By A.J. DICKERSON Associated Press Writer

   PEMBROKE PINES, Fla. (AP) -- The head of the Survival Research Foundation
says he doesn't mean to seem morbid.
   But about 100 of the group's 250 members worldwide have signed up for a "Is
there life after death?" study, and it can't be finished while they are alive.
   "I'm waiting for people to die," says Arthur Berger, who runs the
16-year-old nonprofit group from his home here.
   Participants in the project have devised messages that can be deciphered
only if they are contacted after they die to give out the top-secret decoder
keys.    "We take no position on there is or isn't an afterlife.
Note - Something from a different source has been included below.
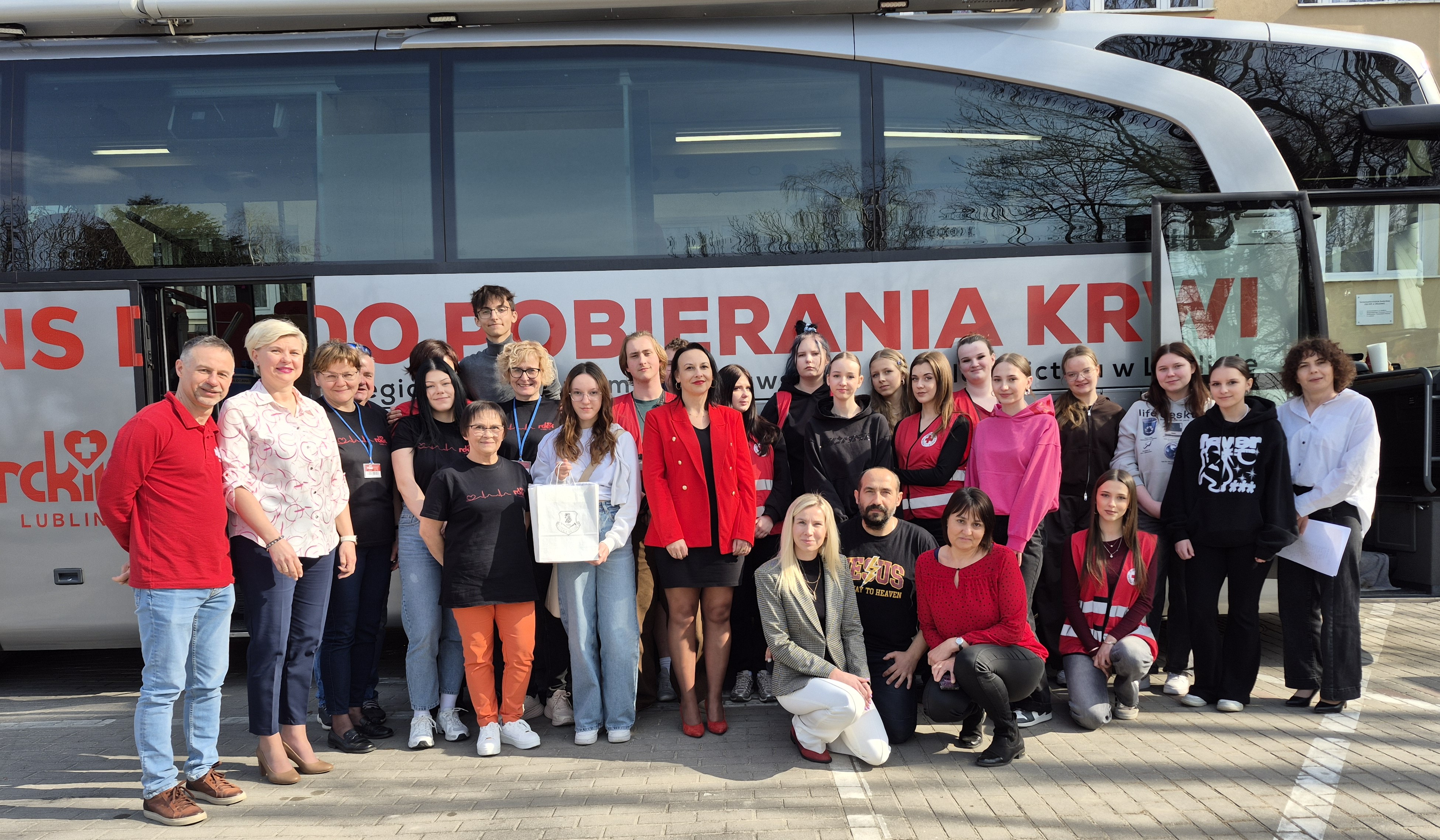 23 marca na szkolnym parkingu gościliśmy krwiobus z Regionalnego Centrum Krwiodawstwa i Krwiolecznictwa w Lublinie. W ramach akcji „Młoda Krew Ratuje Życie” wielu z nas zdecydowało się na konkretny gest wsparcia dla tych, którzy na tę pomoc czekają. W wydarzeniu wzięli udział uczniowie, pracownicy oraz Dyrektor szkoły, Edyta Szymczuk i Wicedyrektor, Katarzyna Wawryniuk. Bardzo nas cieszy, że w ZSCKR tworzymy zgraną ekipę, na którą zawsze można liczyć. Każda oddana jednostka krwi to realna pomoc dla kogoś, kto walczy o zdrowie. Wielkie brawa dla odważnych!

Our job is to
collect empirical data," said Berger. "We're trying to get this thing clarified
... to crack this puzzle once and for all."
   So far, only Cambridge psychology professor Robert Thouless has died, and
the two messages the British national left before his September 1984 death
remain a mystery.
   Such projects aren't new.
   Before magician and escape artist Harry Houdini died on Halloween 1926, he
reportedly prepared a coded message for which he was to send his wife the
decoder key from the hereafter.
   Despite years of seances, the key never came. Scattered similar projects
have had equally inconclusive results, but people keep trying.
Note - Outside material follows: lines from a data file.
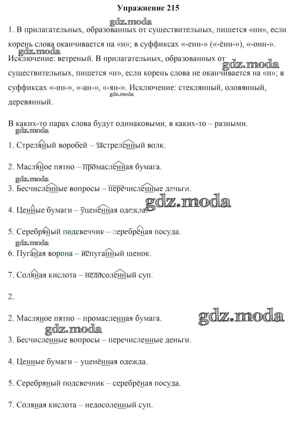 ГДЗ решение к заданию № 215 Русский язык 7 класс Мурина Л.A Национальный институт образования 2015 ФГОС бесплатно на гдз.мода!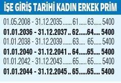 EYT'li olamayan sigortalılar için kademeli bir yaş şartı bulunuyor. Bu yaş şartlarını da işe giriş tarihleri belirliyor.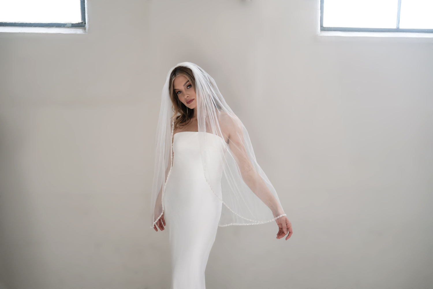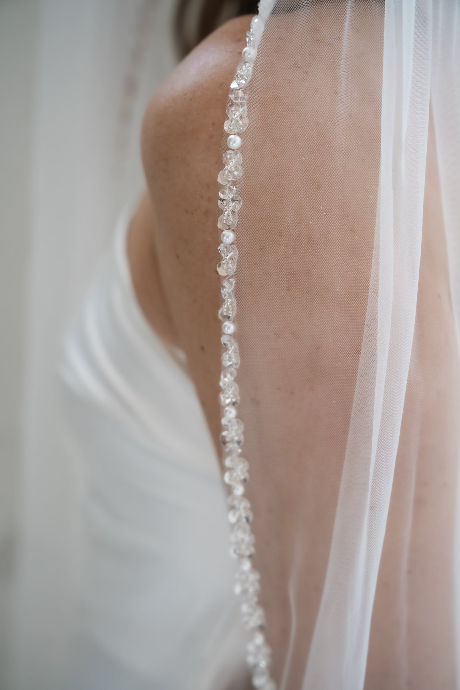 The Celestine veil is a fingertip-length style crafted from our signature Heirloom Tulle, known for its fluid drape and whisper-soft texture. This classic silhouette is elevated with a delicate edge of hand-sewn beading—featuring clusters of tiny pearls and crystal accents for just the right amount of shimmer. Lightweight and timeless, it's the perfect veil for brides seeking something elegant and versatile.

   Priest-sociologist Andrew Greeley last month reported that 42 percent of
polled Americans believed they had contacted someone who had died.
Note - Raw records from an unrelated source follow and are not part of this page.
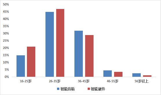 从上述图表中可以看出,智能音箱用户主要集中在26-45岁人群,其中36-45岁人群占比高于智能硬件用户。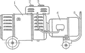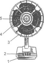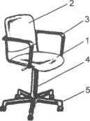 Рис. П. 1.22. Кресло рабочее вращающееся: 1 - сиденье; 2 - спинка; 3 - подлокотники; 4 - станина (ножка); 5 - опора на роликах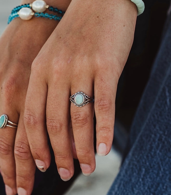 Material: 925 Sterling Silver & hand set Genuine Blue Larimar from the Dominican Republic. Due to the nature of genuine Larimar, the gem you receive may differ in natural color.

    Berger's project isn't "any more strange than anything else in
parapsychology," said Jeff Munson of the Institute for Parapsychology, a
private research group based in Durham, N.C.
   "I admire his work because it's so tough and it has such tremendous
religious implications," said Munson.
   However, most parapsychology experts don't believe communication with
spirits is possible. Berger would need an airtight argument to quiet critics if
he should enjoy any success, Munson said.
   Berger has been studying paraspychology, which deals with such phenomena as
clairvoyance, extrasensory perception or telepathy, since the 1970s.
   He said he's ready for skeptics. Participants swear never to reveal their
decoder key and never to write it down.
   Then there's the chance of a participant telling a medium the key. To quash
that, Berger plans to have mediums trying to contact participants they couldn't
have known. In fact, he'll select them from different continents if possible.
   The odds of someone getting a key through sheer chance are 600,000 to one,
he said. And while participants are alive, the foundation challenges mediums
the world over to try and find message solutions. If a message is decoded
early, the participant writes a new one.
   None have been prematurely decoded.
   "Should anyone be able to communicate and we have a result, we will not
claim this to be proof of life after death, because one experiment isn't
enough," Berger said. "We need 100 successes, we need 1,000.
   "We're trying to get hard evidence."